RE: [Qemu-devel] [RFC qemu 0/4] A PV solution for live migration optimization

From: Li, Liang Z
Date: Fri Mar 04 2016 - 09:27:03 EST


> Subject: Re: [Qemu-devel] [RFC qemu 0/4] A PV solution for live migration
> optimization
>
> On Fri, Mar 04, 2016 at 09:08:44AM +0000, Li, Liang Z wrote:
> > > On Fri, Mar 04, 2016 at 01:52:53AM +0000, Li, Liang Z wrote:
> > > > > I wonder if it would be possible to avoid the kernel changes
> > > > > by parsing /proc/self/pagemap - if that can be used to detect
> > > > > unmapped/zero mapped pages in the guest ram, would it achieve
> > > > > the
> > > same result?
> > > >
> > > > Only detect the unmapped/zero mapped pages is not enough.
> Consider
> > > the
> > > > situation like case 2, it can't achieve the same result.
> > >
> > > Your case 2 doesn't exist in the real world. If people could stop
> > > their main memory consumer in the guest prior to migration they
> > > wouldn't need live migration at all.
> >
> > The case 2 is just a simplified scenario, not a real case.
> > As long as the guest's memory usage does not keep increasing, or not
> > always run out, it can be covered by the case 2.
>
> The memory usage will keep increasing due to ever growing caches, etc, so
> you'll be left with very little free memory fairly soon.
>

I don't think so.

> > > I tend to think you can safely assume there's no free memory in the
> > > guest, so there's little point optimizing for it.
> >
> > If this is true, we should not inflate the balloon either.
>
> We certainly should if there's "available" memory, i.e. not free but cheap to
> reclaim.
>

What's your mean by "available" memory? if they are not free, I don't think it's cheap.

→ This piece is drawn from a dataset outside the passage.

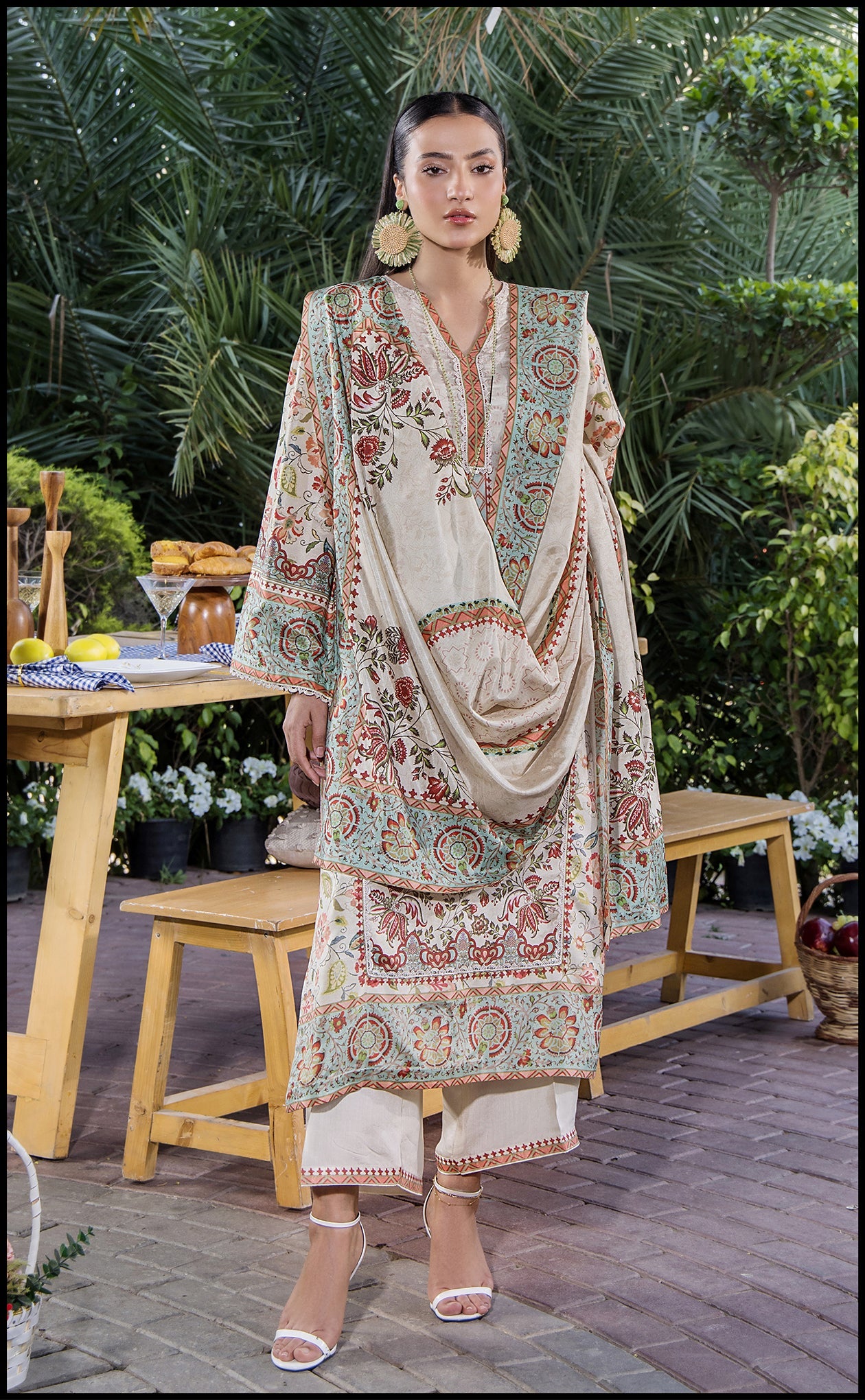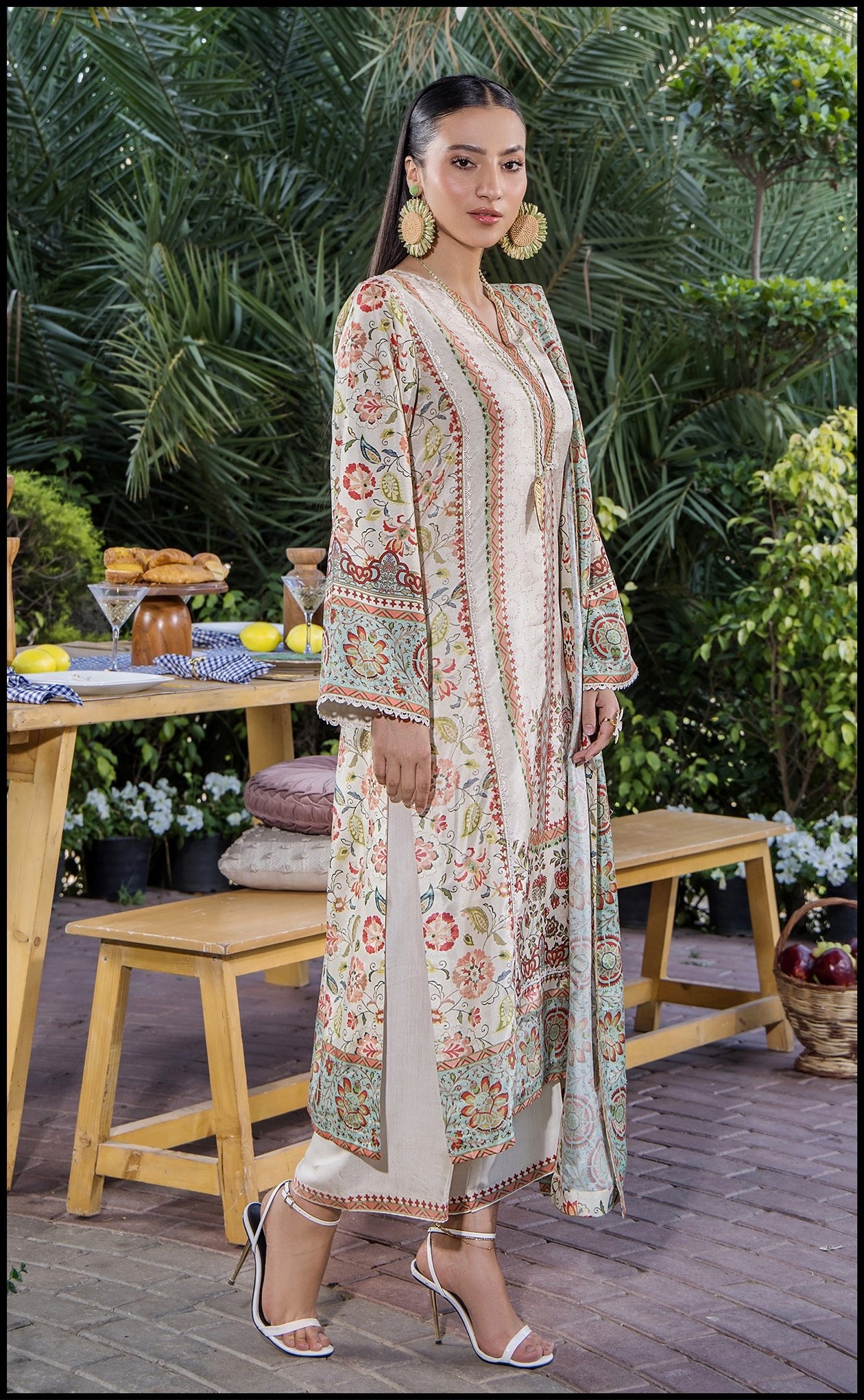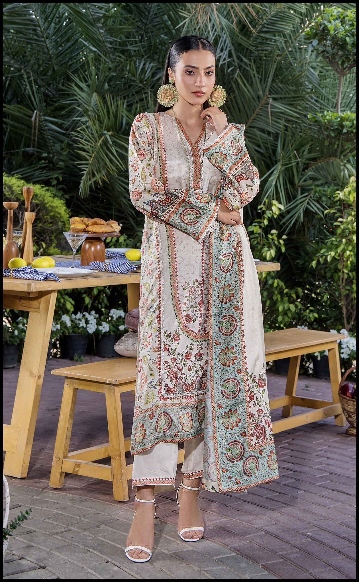 This elegant 3-piece ensemble is crafted from premium raw silk fabric, featuring a long kurta adorned with delicately printed traditional patterns in soft shades of red, green, and beige. Complemented by matching trousers and a richly bordered dupatta, this outfit exudes timeless grace—perfect for garden gatherings or festive luncheons. The luxurious texture and detailed artistry make it a standout choice for refined daytime occasions.

> > > OTOH it makes perfect sense optimizing for the unmapped memory
> > > that's made up, in particular, by the ballon, and consider inflating
> > > the balloon right before migration unless you already maintain it at
> > > the optimal size for other reasons (like e.g. a global resource manager
> optimizing the VM density).
> > >
> >
> > Yes, I believe the current balloon works and it's simple. Do you take the
> performance impact for consideration?
> > For and 8G guest, it takes about 5s to inflating the balloon. But it
> > only takes 20ms to traverse the free_list and construct the free pages
> bitmap.
>
> I don't have any feeling of how important the difference is. And if the
> limiting factor for balloon inflation speed is the granularity of communication
> it may be worth optimizing that, because quick balloon reaction may be
> important in certain resource management scenarios.
>
> > By inflating the balloon, all the guest's pages are still be processed (zero
> page checking).
>
> Not sure what you mean. If you describe the current state of affairs that's
> exactly the suggested optimization point: skip unmapped pages.
>

You'd better check the live migration code.

> > The only advantage of ' inflating the balloon before live migration' is simple,
> nothing more.
>
> That's a big advantage. Another one is that it does something useful in real-
> world scenarios.
>

I don't think the heave performance impaction is something useful in real world scenarios.

Liang
> Roman.